Sąd oddalił skargę kasacyjną złożoną przez polityka. Zdecydował też, że Legutko będzie musiał wpłacić 5 tysięcy złotych na cel społeczny. W uzasadnieniu decyzji wskazano, że bez żadnych wątpliwości doszło tu do naruszenia dóbr osobistych. Podkreślono też, że z racji statusu europosła - profesora wyższej uczelni, filozofa, byłego wysokiego funkcjonariusza publicznego, opinie wygłaszane publicznie przez Legutkę mogły być uznane za szczególne krzywdzące.

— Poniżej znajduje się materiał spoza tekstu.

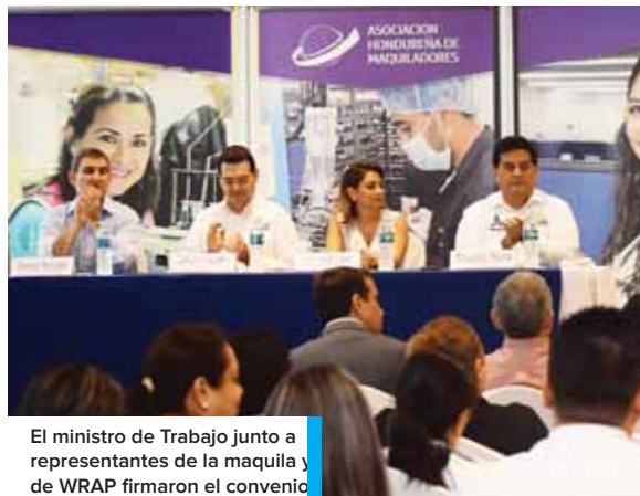
El ministro de Trabajo junto a representantes de la maquila y de WRAP firmaron el convenio

Las maquilas ya han comenzado una nueva fase de desarrollo al establecer plantas para proveer telas de hilo sintético, las que tienen un mayor valor

Spór europosła z dwójką młodych ludzi dotyczył petycji, którą w listopadzie 2009 roku ówcześni uczniowie klasy maturalnej XIV LO we Wrocławiu złożyli do dyrektora szkoły. Chodziło o usunięcie symboli religijnych z placówki. W liceum odbyła się debata na ten temat, ale symbole religijne pozostały. Legutko, były minister edukacji, w publicznych wypowiedziach nazwał uczniów "rozpuszczonymi smarkaczami", a ich działania "typową szczeniacką zadymą". Mówił też o "rozwydrzonych i rozpuszczonych przez rodziców smarkaczach".

Uczniowie uznali, że poseł naruszył ich dobra osobiste i skierowali sprawę do sądu. Początkowo polityk zasłaniał się immunitetem. Takie postępowanie nie przekonało sądu, który stwierdził, że jego wypowiedzi nie mieściły się w zakresie sprawowania przez niego funkcji europosła.